JORDAN ROBERTSON   02/17/11 08:48 AM ET   AP

Ibm Watson Computer

SAN FRANCISCO — Fresh off its shellacking of two human champions of the "Jeopardy!" television show, a computer program developed by IBM Corp. will soon get a workout in two hospitals that have signed up to test the technology.

The agreements with the Columbia University Medical Center and the University of Maryland School of Medicine will be the program's first real-world tests outside of the trivia game show and IBM's laboratories.

Watson, as IBM has dubbed the program, represents a breakthrough in the ability of computers to understand human language and scour massive databases to supply the most likely answer to questions.
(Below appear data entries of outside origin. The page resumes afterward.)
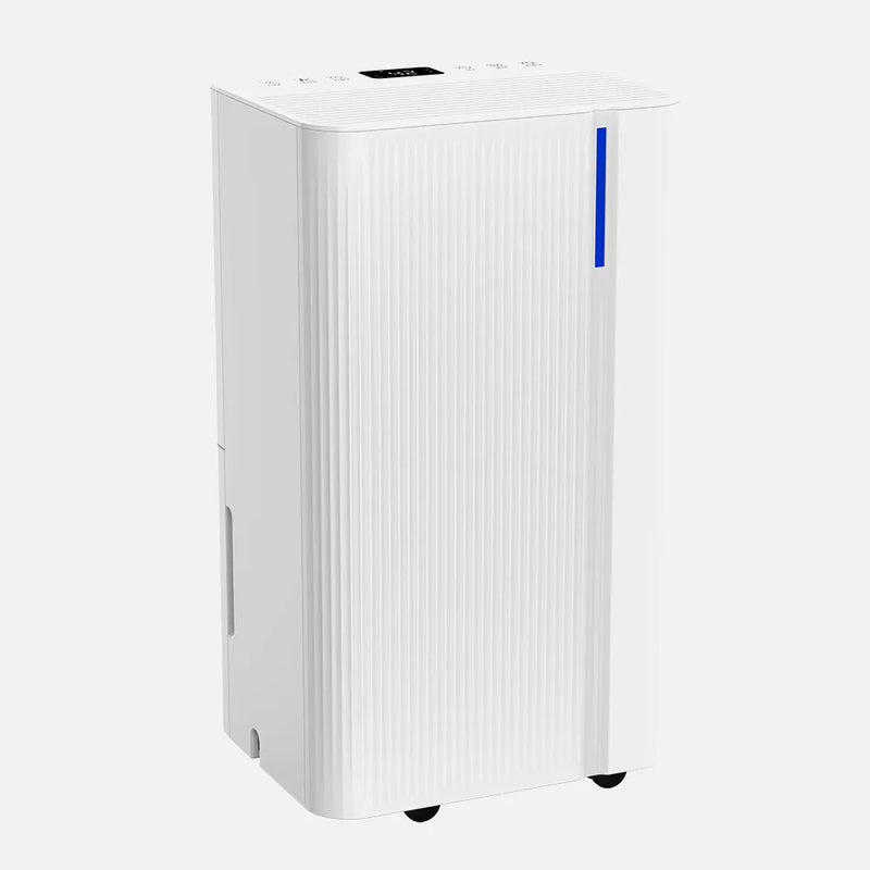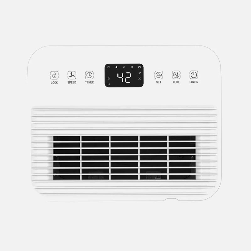 Posee una potencia de 210 vatios para deshumidificar 10 litros/día, eliminando la humedad, el moho y la condensación de agua en interiores. Ayuda a mejorar la calidad del aire. Posee un filtro anti polvo de carbón activo, devuelve un aire libre de partículas, bacterias, olores y enfermedades. Está equipado con un depósito de 2 litros que apaga el deshumidificador automáticamente cuando está lleno, para no ocasionar desbordamientos y aportando un gran ahorro de energía. Tiene tres modos inteligentes de funcionamiento: normal, secado de ropa y sueño, que disminuye el sonido y elimina el pitido de aviso de llenado para no molestar en horas de descanso. Funciona con gas refrigerante R290, de manera segura y eficiente, ayudando a proteger el medio ambiente. Acelera el secado natural de la ropa en interiores en su modo secado de ropa recogiendo toda la humedad y ahorrando tiempo y energía sustituyendo a la secadora. Cuenta con indicador LED para la humedad del ambiente, cambia de color entre rojo, verde y azul. Cuenta con temporizador para programar su funcionamiento de 1 a 24 horas desde su panel de control táctil y pantalla digital. Con sistema anti congelación. Tiene también un filtro de aire que evita la entrada de partículas de gran tamaño y lo hace un electrodoméstico seguro para los niños. Presenta unas dimensiones de 45,5x24,7x19,8 centímetros. Con cuatro ruedas que hacen fácil su desplazamiento de una habitación a otra.
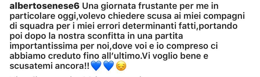 Il calciatore, sostituito subito dopo lo sbaglio, ha però voluto chiedere scusa a compagni e tifosi. Lo ha fatto tramite un messaggio pubblicato sul suo profilo Instagram.
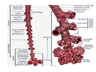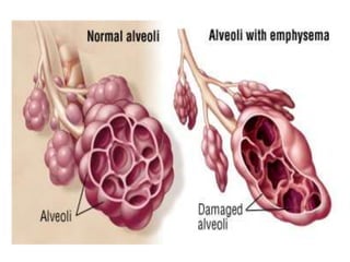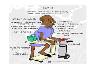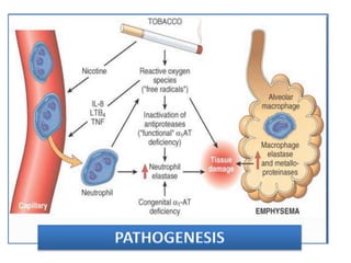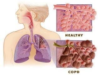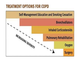 This document defines COPD and provides details about its symptoms, causes, diagnosis, and treatment. COPD is a progressive lung disease characterized by difficulty breathing caused by damage to the lungs. The most important risk factor is cigarette smoking. Symptoms include a chronic cough, sputum production, and shortness of breath. Diagnosis involves pulmonary function tests showing obstruction and reduced airflow. Treatment focuses on smoking cessation and includes bronchodilators, steroids, oxygen therapy, antibiotics for exacerbations, and surgery in severe cases.
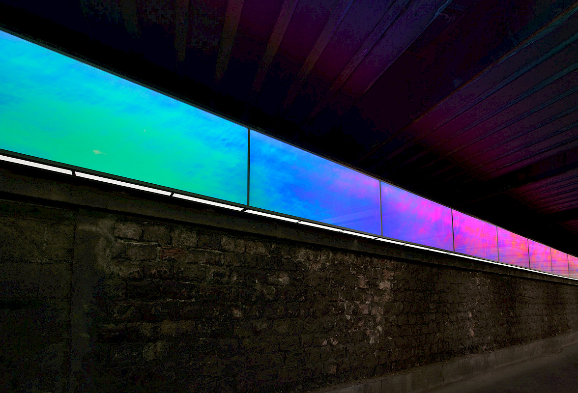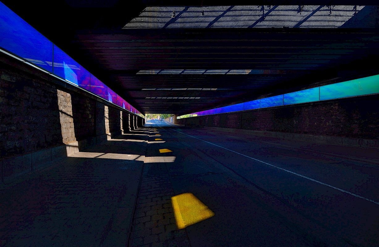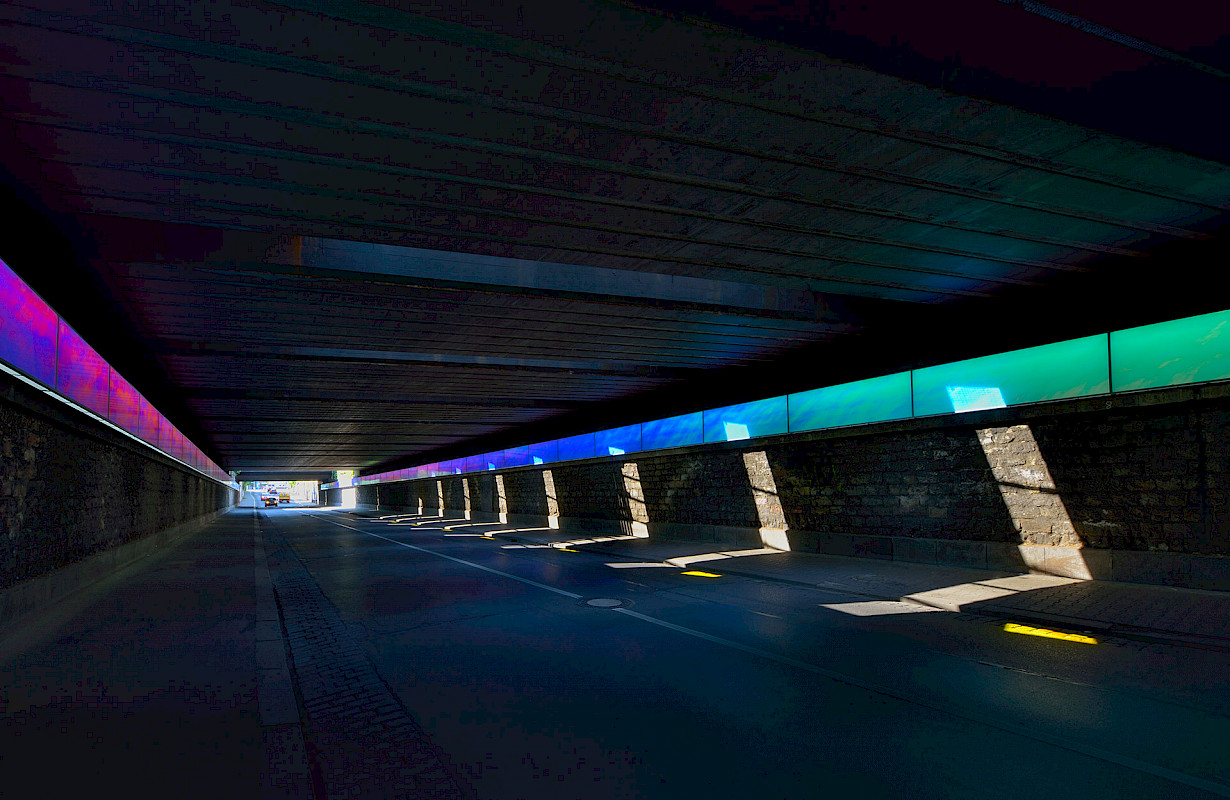 Consequently SYRA_SCHOYERER ARCHITEKTEN decided to combine the parameters of light, colour and design into a single flat box that runs the length of the tunnel. Hereby the architects utilized industrial mass produced parts that until lately were not commonly available, such as LED lights and modern foil technology. The LEDs keep the power consumption low whilst allowing for the necessary lighting. The foil creates an ever changing colour spectrum featuring all colours of the rainbow. Whilst the observer moves through the tunnel the colours constantly shift, creating an interactive experience.
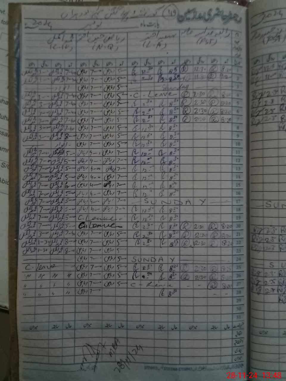 | CNIC | Full Name | Designation | R/C | Absence During Last Calender Month |
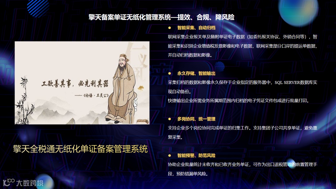 在此基础上,为了解决出口企业单证备案的操作繁杂、单证数量繁多、参与岗位众多、容易整理不全等问题,经过广泛调研税务机关和出口企业业务需求、大量企业测试与实际应用、多次迭代升级功能,擎天全税通无纸化单证备案管理系统具备智能采集、自动归档;永久存储、便捷输出;多岗协同、统一管理;智能预警、防范风险等若干技术优势,切实快速实现出口企业单证备案的数字化转型,充分展示擎天全税通在赋能出口企业单证备案财税合规方面帮助企业数字化转型的突出优势,真正起到了赋能出口企业快速构建单证备案数字化模型、帮助出口企业规避单证备案管理风险。

It's not always right; some of its errors in its "Jeopardy!" debut this week were amusingly off-base.

But it holds promise for doctors and hedge fund managers and other industries that need to sift through large amounts of data to answer questions.

Eliot Siegel, a professor at the Maryland university's medical school, said other artificial intelligence programs for hospitals have been slower and more limited in their responses than Watson promises to be. They have also been largely limited by a physician's knowledge of a particular symptom or disease.

"In a busy medical practice, if you want help from the computer, you really don't have time to manually input all that information," he said.

Siegel says Watson could prove valuable one day in helping diagnose patients by scouring journals and other medical literature that physicians often don't have time to keep up with.

Yet the skills Watson showed in easily winning the three-day televised "Jeopardy!" tournament Wednesday also suggests shortcomings that have long perplexed artificial intelligence researchers and which IBM's researchers will have to fix before the software can be used on patients.

"What you want is a system that understands you're not playing a quiz game in medicine and there's not one answer you're looking for," Siegel said.

"In playing 'Jeopardy!', there is one correct answer. The challenge we have in medicine is we have multiple diagnoses and the information is sometimes true and sometimes not true and sometimes conflicting. The Watson team is going to need to make the transition to an environment in which it comes up with multiple hypotheses – it will be a really interesting challenge for the team to be able to do that."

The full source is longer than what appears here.